* _EXERCISE GOAL_
The output should be the listing below, limited to the lines from the one with "进入方向控制页面测试,一次通过测试(之前把完整的 DEMO 代码给到 TRAE)。" through the one with "Screenshot - Einzeltrefferanzeige", exact and without pictures.

* _RECORDS_

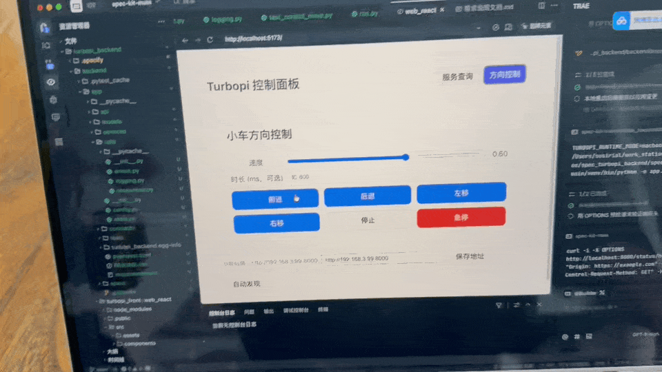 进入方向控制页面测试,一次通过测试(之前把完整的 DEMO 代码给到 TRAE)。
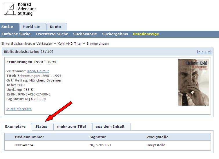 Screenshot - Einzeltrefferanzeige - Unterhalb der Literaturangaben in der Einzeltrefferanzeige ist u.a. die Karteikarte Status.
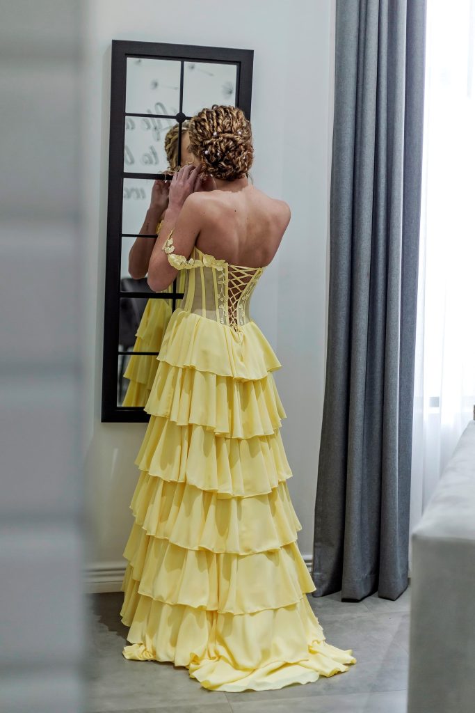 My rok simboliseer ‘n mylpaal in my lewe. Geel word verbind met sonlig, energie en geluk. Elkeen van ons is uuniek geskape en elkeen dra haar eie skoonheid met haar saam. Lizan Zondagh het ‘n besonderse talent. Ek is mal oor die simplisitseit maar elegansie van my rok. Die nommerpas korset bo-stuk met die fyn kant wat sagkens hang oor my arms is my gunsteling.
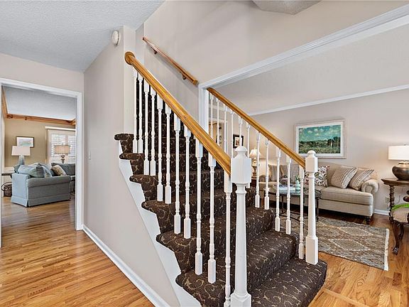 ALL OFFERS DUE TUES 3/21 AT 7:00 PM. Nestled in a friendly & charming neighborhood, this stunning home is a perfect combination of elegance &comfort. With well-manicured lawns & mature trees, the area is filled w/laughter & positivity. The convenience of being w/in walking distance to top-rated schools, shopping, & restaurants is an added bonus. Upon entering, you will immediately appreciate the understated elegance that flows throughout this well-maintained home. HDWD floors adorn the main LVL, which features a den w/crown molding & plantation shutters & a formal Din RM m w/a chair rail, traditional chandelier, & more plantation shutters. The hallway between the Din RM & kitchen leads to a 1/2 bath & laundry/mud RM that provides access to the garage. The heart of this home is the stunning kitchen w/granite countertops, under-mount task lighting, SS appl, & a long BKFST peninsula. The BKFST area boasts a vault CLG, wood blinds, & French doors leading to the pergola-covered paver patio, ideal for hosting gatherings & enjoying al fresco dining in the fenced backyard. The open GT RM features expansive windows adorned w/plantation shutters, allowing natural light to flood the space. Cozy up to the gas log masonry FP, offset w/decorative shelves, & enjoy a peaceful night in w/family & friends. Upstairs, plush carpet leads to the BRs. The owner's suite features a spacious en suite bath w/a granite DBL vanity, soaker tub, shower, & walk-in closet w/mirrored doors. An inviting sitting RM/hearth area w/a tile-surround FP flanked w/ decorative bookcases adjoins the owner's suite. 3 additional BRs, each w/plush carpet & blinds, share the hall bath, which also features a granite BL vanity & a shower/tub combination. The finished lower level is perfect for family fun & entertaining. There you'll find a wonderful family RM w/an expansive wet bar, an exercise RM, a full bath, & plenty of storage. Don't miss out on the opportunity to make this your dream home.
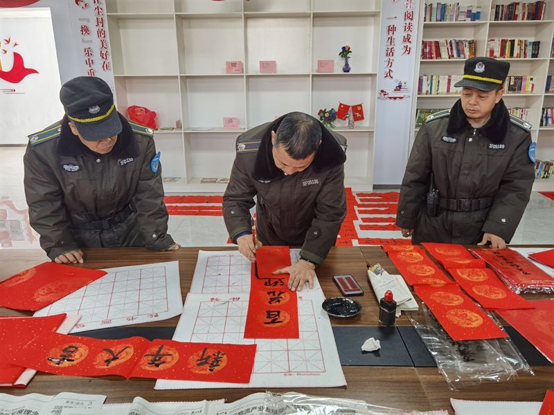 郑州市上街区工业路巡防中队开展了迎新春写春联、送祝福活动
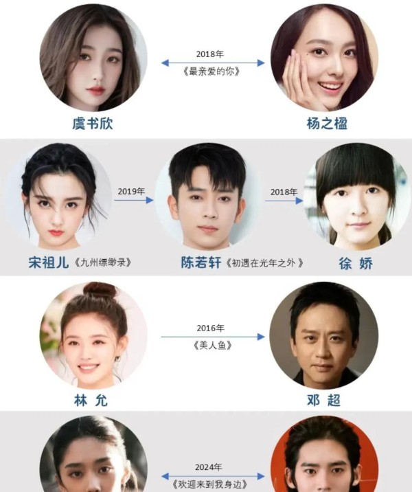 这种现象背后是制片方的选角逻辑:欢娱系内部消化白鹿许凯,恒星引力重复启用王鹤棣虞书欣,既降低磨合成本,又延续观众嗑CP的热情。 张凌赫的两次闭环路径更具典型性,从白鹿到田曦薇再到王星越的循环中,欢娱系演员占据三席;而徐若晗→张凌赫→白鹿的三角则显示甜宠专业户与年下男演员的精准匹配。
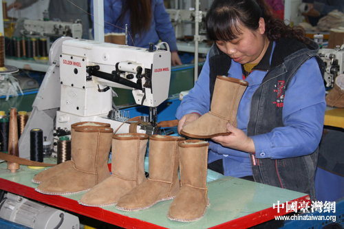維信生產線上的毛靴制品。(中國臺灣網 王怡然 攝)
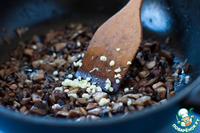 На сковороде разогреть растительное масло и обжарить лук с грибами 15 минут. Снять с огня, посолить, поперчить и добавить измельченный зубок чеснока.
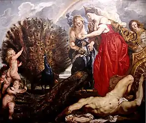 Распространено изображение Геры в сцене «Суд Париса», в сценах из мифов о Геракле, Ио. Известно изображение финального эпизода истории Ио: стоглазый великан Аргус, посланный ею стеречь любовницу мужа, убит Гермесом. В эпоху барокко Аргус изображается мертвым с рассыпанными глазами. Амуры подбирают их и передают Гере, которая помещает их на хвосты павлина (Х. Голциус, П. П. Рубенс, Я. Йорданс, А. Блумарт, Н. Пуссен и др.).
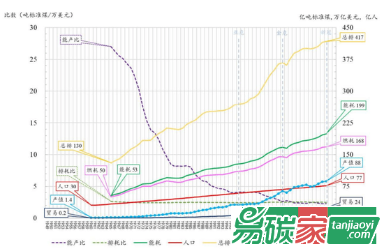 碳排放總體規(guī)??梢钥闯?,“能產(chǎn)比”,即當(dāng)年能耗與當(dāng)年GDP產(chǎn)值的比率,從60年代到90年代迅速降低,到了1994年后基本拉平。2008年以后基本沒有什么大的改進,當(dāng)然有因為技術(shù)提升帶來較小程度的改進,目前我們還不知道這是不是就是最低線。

* * *

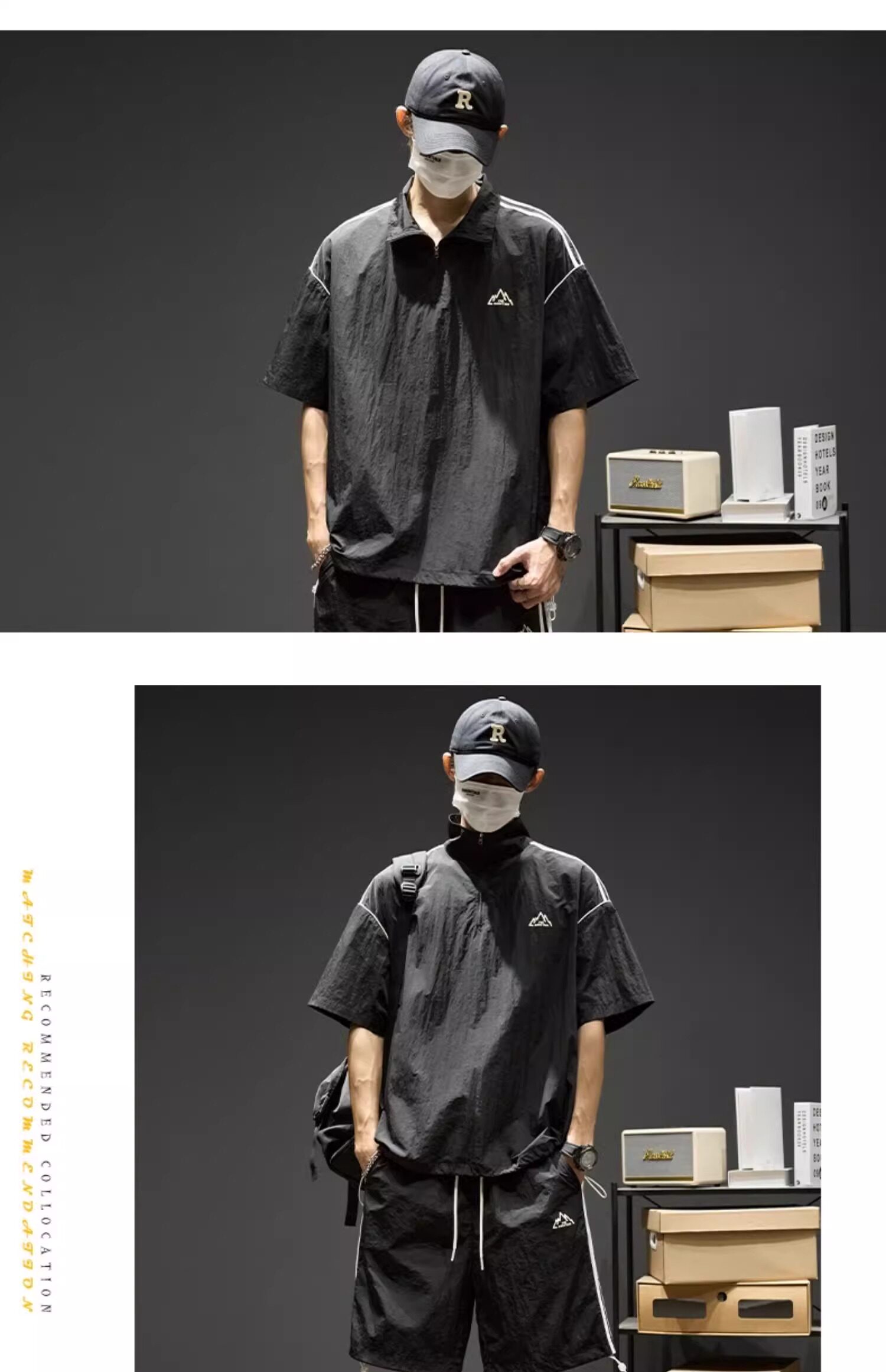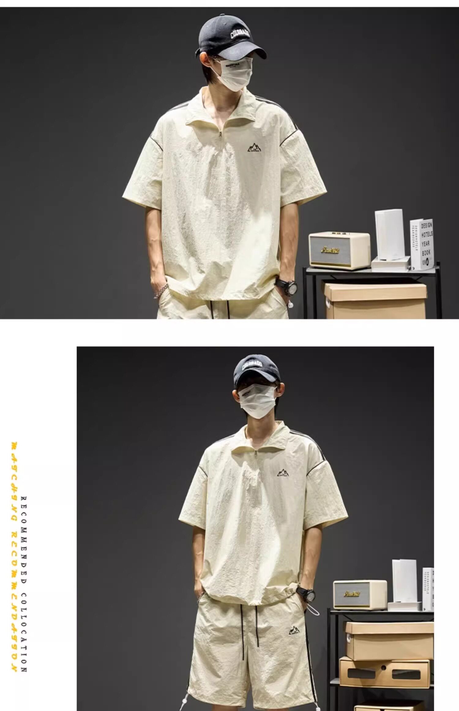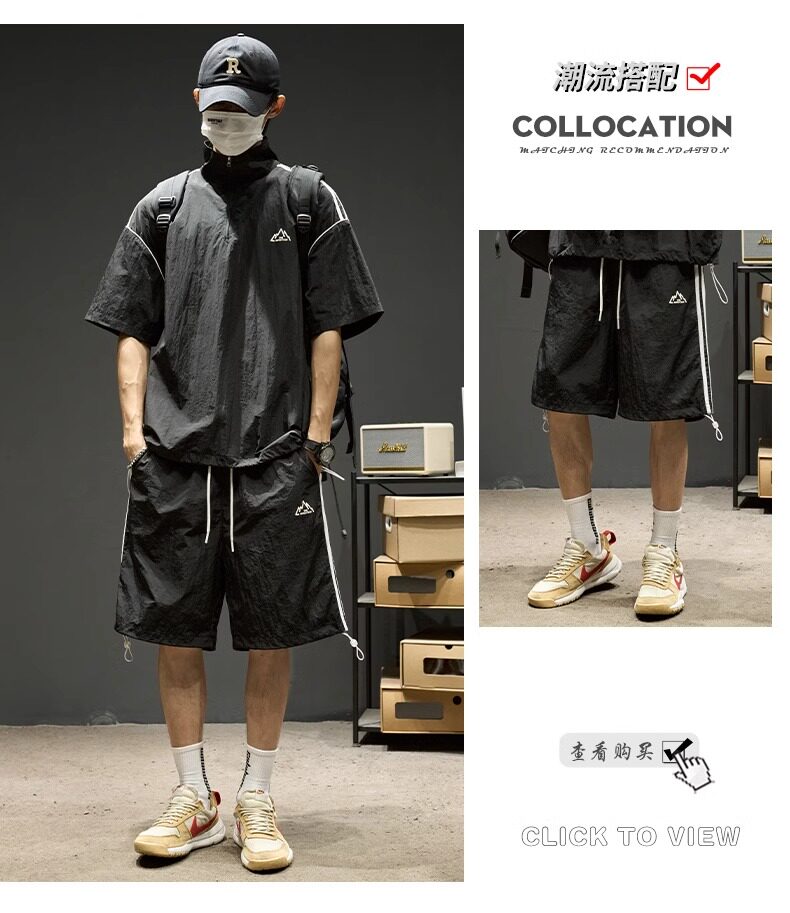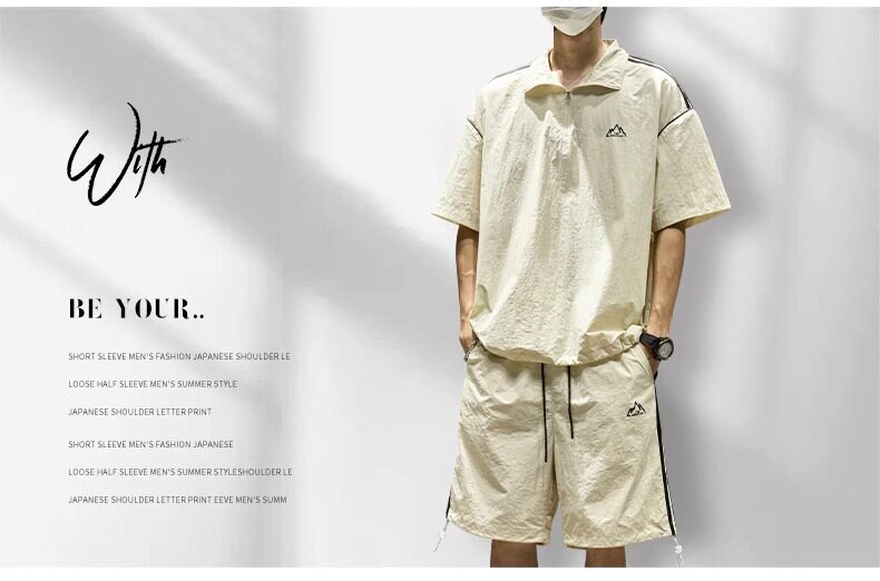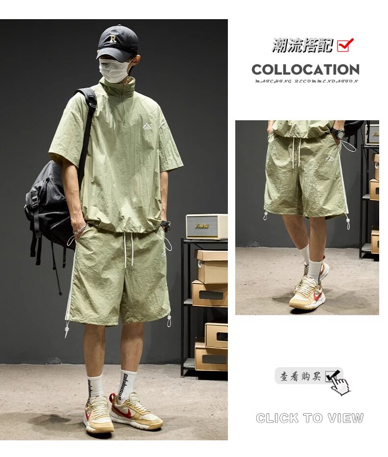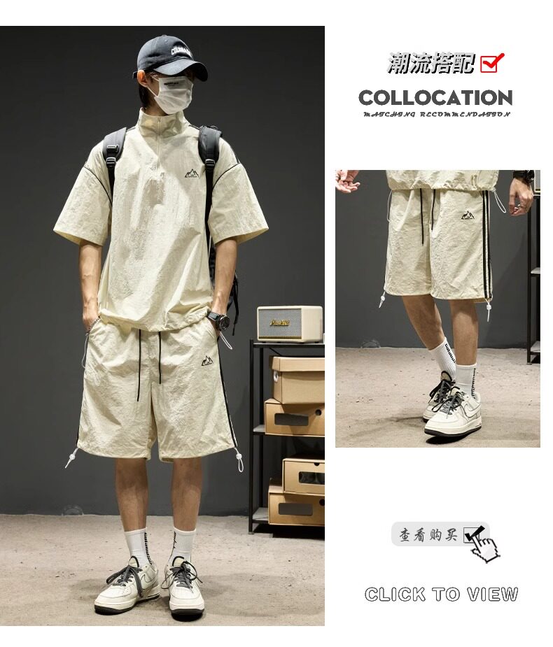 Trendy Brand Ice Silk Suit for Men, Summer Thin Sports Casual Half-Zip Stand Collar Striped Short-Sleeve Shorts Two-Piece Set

* _TASK SOLUTION_
 进入方向控制页面测试,一次通过测试(之前把完整的 DEMO 代码给到 TRAE)。
 Screenshot - Einzeltrefferanzeige - Unterhalb der Literaturangaben in der Einzeltrefferanzeige ist u.a. die Karteikarte Status.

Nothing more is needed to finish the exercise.